Toronto's goaltending issues last season were well-documented -- the Leafs were 29th in goals against -- and while Nonis professes to be a believer in James Reimer and Ben Scrivens, it's clear the new GM has been doing his homework and is ready to act if a deal presented itself.

"We would upgrade our goaltending by the weekend if we could do it without taking away significant pieces," Nonis said. "It's not that we wouldn't upgrade. But for what's out there right now, we would set our team back, especially in the long term. And, we don't believe we have two goaltenders here that are not capable. We believe we have two capable goaltenders. Do we think they're NHL-caliber? The answer is yes, there's no question about that. The only question we have, and that people have, is the experience factor. And that's fair. You can't sit there and say we have two experienced goaltenders because we don't. That's one area we would like to improve -- an experienced goalie that can play. At this point, there hasn't been a price reasonable enough for us to act on it."

The worst-kept secret in hockey is that Toronto and Vancouver have had an on-again, off-again dialogue regarding Roberto Luongo since June. And while Nonis was obviously careful not to name names nor teams in his comment above, clearly what he's saying is that unless/until the Canucks lower their asking price for Luongo, there won't be a trade.

It's also believed that that the Leafs have kicked the tires on Jonathan Bernier in Los Angeles.

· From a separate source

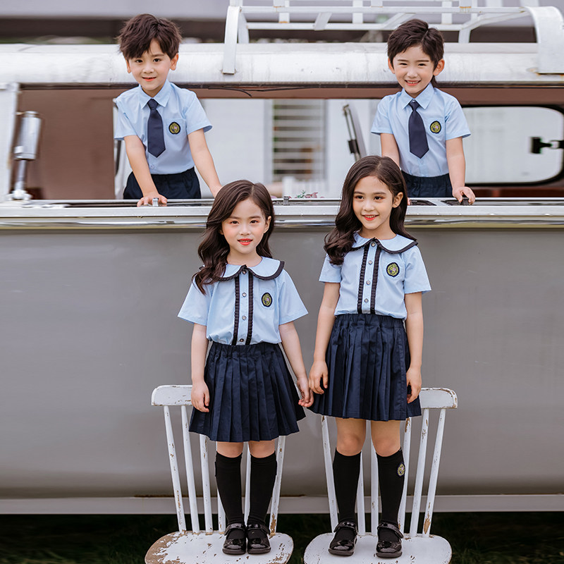 Kindergarten Garden Suit Inellen Wind Summer Clothing New Short Sleeves Blue Shirt Suit Children Class out of school uniforms for elementary school students

Regardless, Nonis is adamant he won't make any moves that will set this team back long term.

When asked if that can perceived as him asking poor, battered Leaf Nation for yet more patience, Nonis had an interesting answer.

"Am I asking the fans to be more patient? Not really, because I understand what they've gone through," he said. "We've got fantastic fans. I don't think you ask the fans to be patient. But we have to be. We have to be. It's up to us to try to put together a team that can win and win for a long time. Our ownership group has made it clear what they want: a winning team that can win for a very long time. They've been very supportive and given us all the resources, we have everything we need here to try and put together a winning team. But we're going to take the time that we need to allow these players to grow. If we can make moves that will fast-track it, we will, but not at the expense of first-round picks and good, young players."